The Evolution of My Handwriting

To show you how much I have changed over the years, I will share with you the dramatic evolution of my handwriting. I am not going to put much effort on analyzing my own writing. But just in case you want to analyze it, I am left handed (not sure if it matters).

2012: Early Photography Years; Sociology, History and Psychology of Fashion




-I began to write with thicker pen tips which obscures my lower case letters.
-Slight left slant already apparent.
-Certain letters already connects with each other.
-Capitals has some vertical height.


2013: Late Photography Years; First Critical Theory Book



-Not have much have changed from previous year.

2014-2015: Media Studies, Jean Baudrillard and Cultural Criticism




-Notice the inconsistent horizontal spacing and the cramping of words.
-Inconsistent writing between words in general.
-Letters begins to connect with each other more.
-Lower case letters gets smaller.
-Upper and lower zones becomes larger.
-The beginning of skipping unimportant letters of words.

2015-Present: Deconstruction and Critical Film Theory




By now, I have written nearly (probably over) one thousand pages of notes. Obviously, my handwriting became a lot more “explosive” with a noticeable left slant, exaggerated upper / lower zones, long “t” crosses, etc. You might think this is illegible, but I can actually read it very well (except for a few weird / unique words). I did not write these notes with the intention for others to read – but this is how I write. In a situation where my handwriting needs to be read by others, I will try to write in a legible way (lol).

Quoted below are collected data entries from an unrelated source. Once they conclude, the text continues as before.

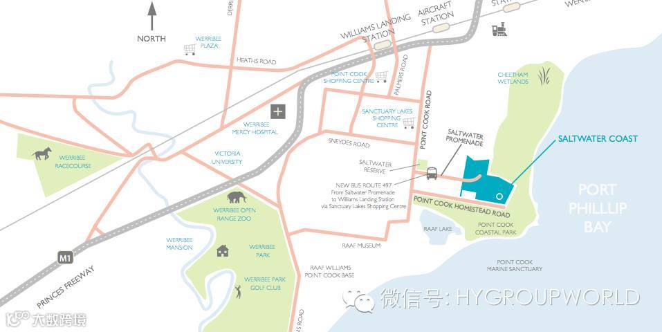 Saltwater Coast 小区出口即是 Point Cook Road, 向北行驶 6.5 公路可 直接驶入 Princess Freeway 高速,25 分钟即可驶入墨尔本市区。Saltwater Coast 小区距离已经通车的城铁车站 Williams Landing 站。城 铁火车直达墨尔本 CBD。Saltwater Coast 小区内已有公交线路贯通, 途经购物中心,学校及火车站。
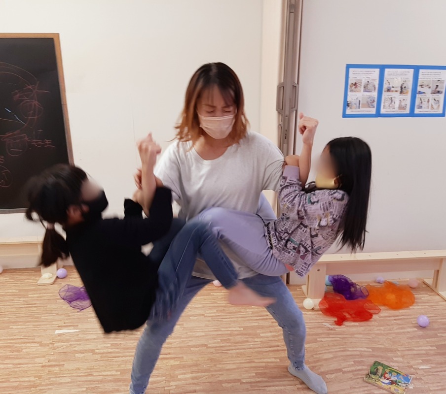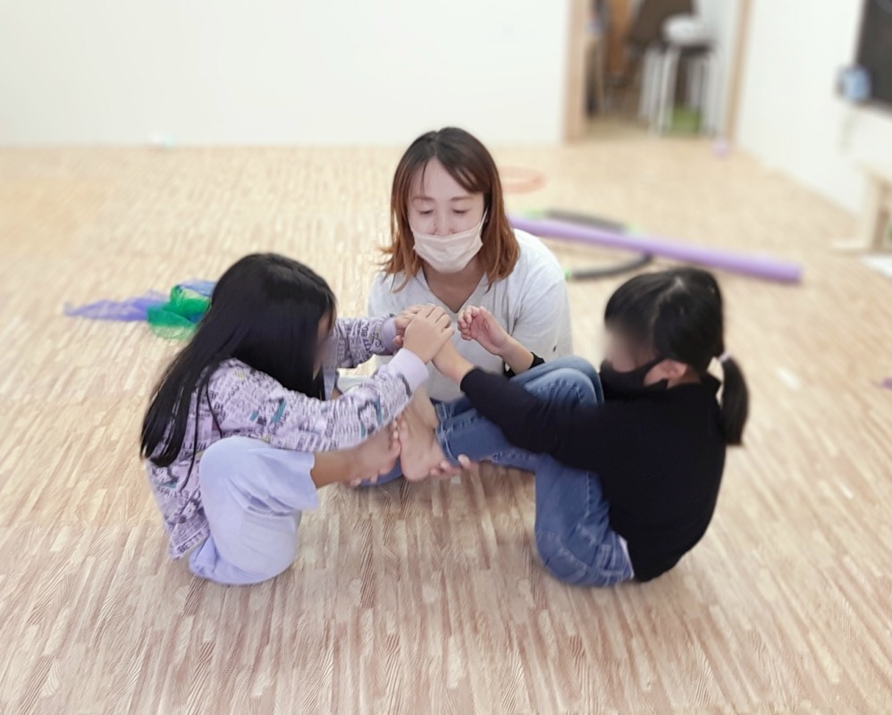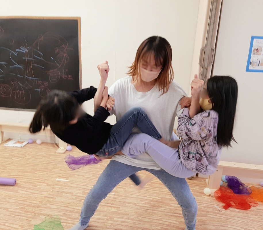 2021.11.30 コアラのポーズ 日々のこと 二人で力を合わせます。上手にバランスとってます!これはコアラのポーズかな?ボディイメージの形成にとても役立つしがみつきあそび。スタッフはいつでも子どもたちのために必死です!
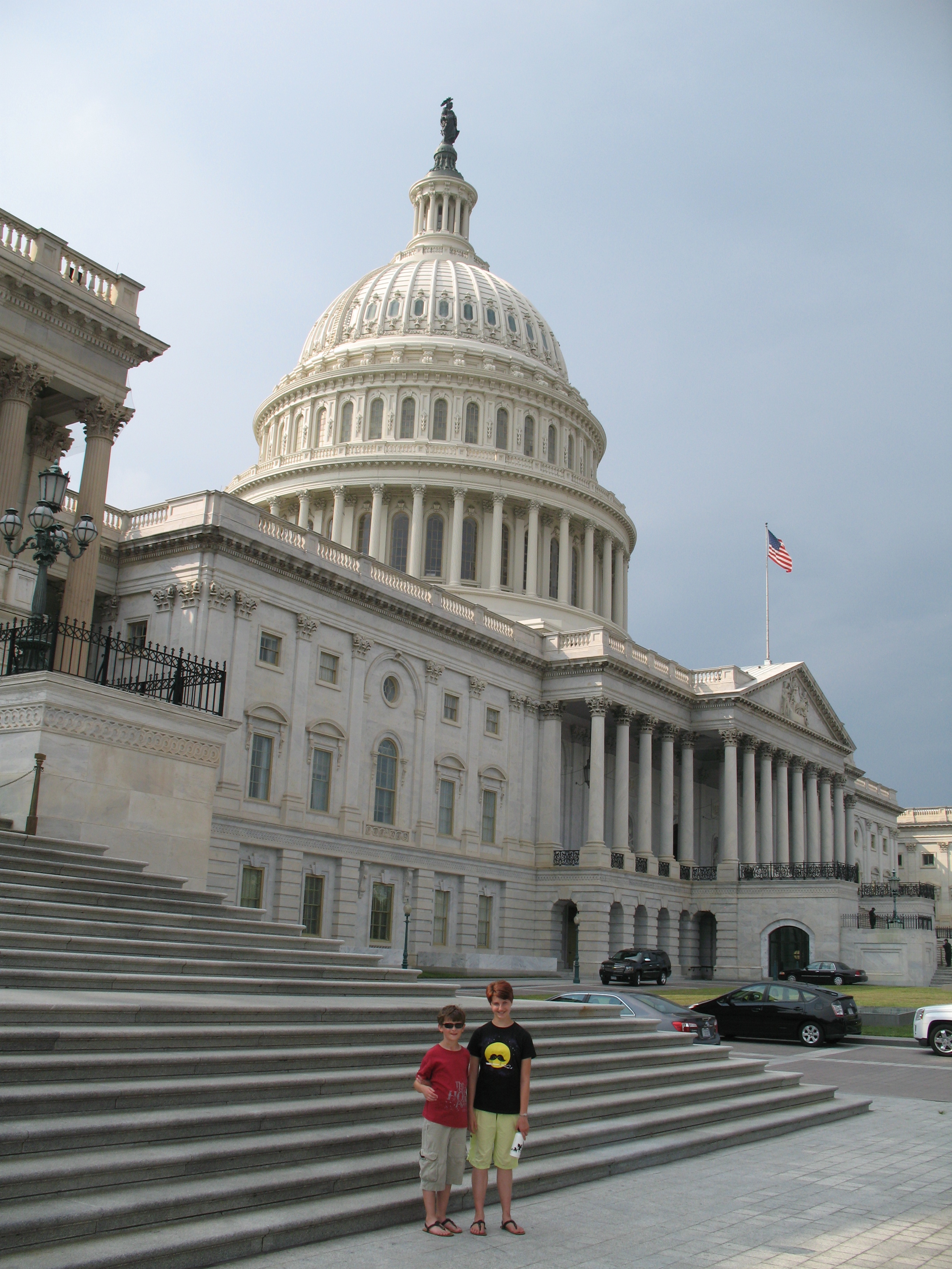 We walked to the White House and then the Capitol. We didn’t have tour reservations at either place so we were only allowed to look at them from the outside which doesn’t seem appropriate for a republic. Walking back to the Metro station from the Capitol, there was a thunderstorm, and we arrived drenched and dripping at the station. For reasons we have yet to understand, we were the only wet ones on the subway.

I think a lot faster than I can write. Therefore, writing “legibly” in the conventional sense restricts me from unleashing my fluid chain of thoughts. I often think so quick that I will forget what I was thinking about moments after. Some says my writing became more sloppy, lazy and unreadable (like a doctor’s handwriting), others think it shows more character. One thing for sure: my handwriting draws a lot of attention in classrooms and cafes. 

My relentless passion for asking dumb questions allowed me to go from general fashion theories to something as obscure and difficult as deconstruction. Nothing is simple once you realize that one plus one equals to at least three.